April 07, 2020 at 12:23 PM
5 minute read
"I thought I just reviewed that document!" is something every document reviewer since the dawn of time has thought. Duplicate documents, and documents that seem like duplicates but aren't, can slow down document review, increase costs and lead to inconsistent document coding—which can be extremely problematic when occurring during a privilege review. This article explores why document reviewers who claim to see duplicates are right and wrong at the same time by explaining how deduplication works and the inherent shortcomings with that process. This article also offers a solution: two technologies—near-dupe detection and email threading—which can greatly reduce the number of "duplicate" documents that must be reviewed.
Deduplication sounds simple in theory: Remove all of the duplicate documents when you load documents into your document review platform. Deduplication isn't simple in practice: Is a PDF and Word document that have the exact same text a duplicate ? (No) What about a document that is attached to an email and saved on someone's hard drive? (Yes) The slightest of differences in documents, which might not be perceptible to the document reviewer, or documents saved in different formats, can mean the documents are not exact duplicates. If they aren't exact duplicates, you'll be stuck looking at what is practically the same document multiple times, because the documents won't generate the same hash value (what was used to answer the questions posed above). Hash values are the standard method document review platforms use to deduplicate documents. When the documents are processed into the platform, a hash value for each document will be generated and compared with all of the documents already processed, and any documents with matching hash values will not be made available for review. (How hash values are generated is beyond the scope of this article.)
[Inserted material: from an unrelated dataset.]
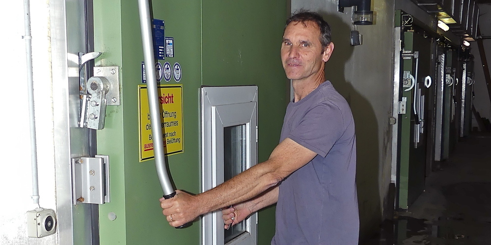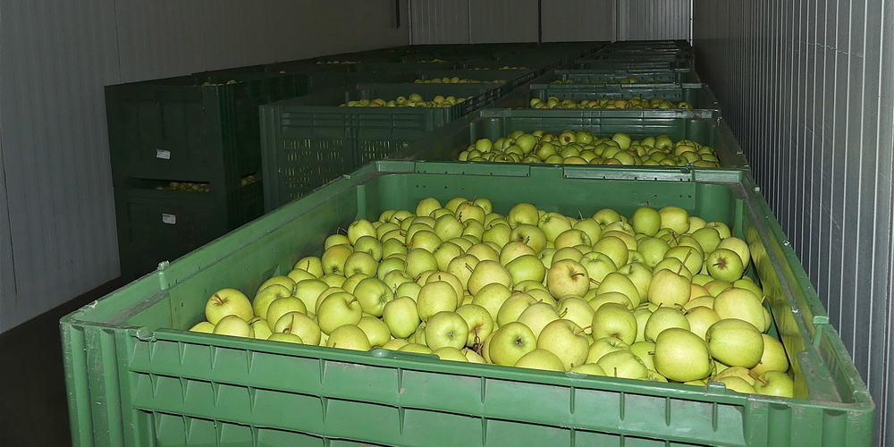 Möglich ist dies durch modernste Lagertechnik in sogenannter kontrollierter Atmosphäre. Sofort nach der Ernte kommt sowohl selbst produziertes Obst als auch von Kunden eingelagertes Obst in grossen Kunststoffkisten in einen der sechs Kühlräume, die insgesamt 350 to fassen. Wo die Äpfel dann bis in den nächsten Sommer hinein frisch wie gerade vom Baum gepflückt bleiben. Wie das geht? Vollautomatisch wird in den luftdichten Räumen eine Atmosphäre erzeugt, die beständig bei einem Grad Celsius liegt. Zusätzlich wird der Luft nach Einlagerung der Sauerstoff entzogen, bis nur mehr etwa 2-3 % Sauerstoff im Luftgemisch verbleiben. Die Äpfel wandeln dann noch einmal Sauerstoff in Kohlendioxid um, sodass nur mehr ein Prozent Sauerstoff übrig ist. Das Kohlendioxid wird je nach Sorte auf ein bis drei Prozent eingestellt. Menschen würden in dieser Atmosphäre sofort ersticken. Für die gelagerten Äpfel aber ist es sozusagen ein «Wohlfühlbad».

Deduplication, using hash values, can be done several different ways; the two most common are globally and by custodian. Email helps explain the difference between the two. If two people email each other and their emails are collected, each will have a copy of all the emails sent back and forth. If you deduplicate globally, only one copy of each email will remain in your document review database. If you deduplicate by custodian, you'll be left with two copies of each email, but any extra copies of the emails will not get into the database. When you deduplicate documents globally, it is imperative that you be mindful of the metadata. For example, a field should be created that indicates all of the custodians of the document.
Deduplication is going to prevent a lot of documents from entering your review platform, but even when done globally, it still has shortcomings. One major shortcoming is that the way hash values are created lead to some quirks as demonstrated by the questions posed above. The other major shortcoming is simply how people operate: saving draft upon draft of the same document before finalizing it—these are obviously different documents, but they feel like duplicates. The solution to these problems is near-dupe detection.
Near-dupe detection should be an option with every document review platform worth its salt. What most versions of it do, generally, is come up with a score or percentage for how alike certain documents are to each other. A Word document and the PDF generated from it should have an extremely high score. Multiple drafts of the same letter will not score as high, but, depending on your needs, can help you cut through a lot of documents quickly when they are clustered together. How you implement this tool might vary. If you need to get to the most interesting documents and content quickly, you could skip reviewing all documents that are a 75% match to a document you've already reviewed. If it's important to know who made what edits to a draft report and when they made them, you'd obviously want to study each different version. In this latter example, near-dupe detection can still be helpful because it will cluster all the different drafts together—so don't just view it as a tool to eliminate documents from the review process, it can help with much more.
Email threading is the other technology that can drastically reduce the number of similar documents that need to be reviewed. It works by combining back and forth email exchanges, which would otherwise create as many separate documents as there are individual emails, into a single document. Without email threading, the following exchange would create three documents that have to be reviewed: Email 1: "Are you available to meet today?" Email 2: "Yes. After 2:00 I'm free." Email 3: "Okay, let's meet at 2:30 to discuss next year's marketing budget." With email threading, those three emails would appear as one document. The obvious benefit is fewer documents to review. The less obvious benefit is that it leads to more consistent coding of documents, which is particularly helpful when privilege review takes place.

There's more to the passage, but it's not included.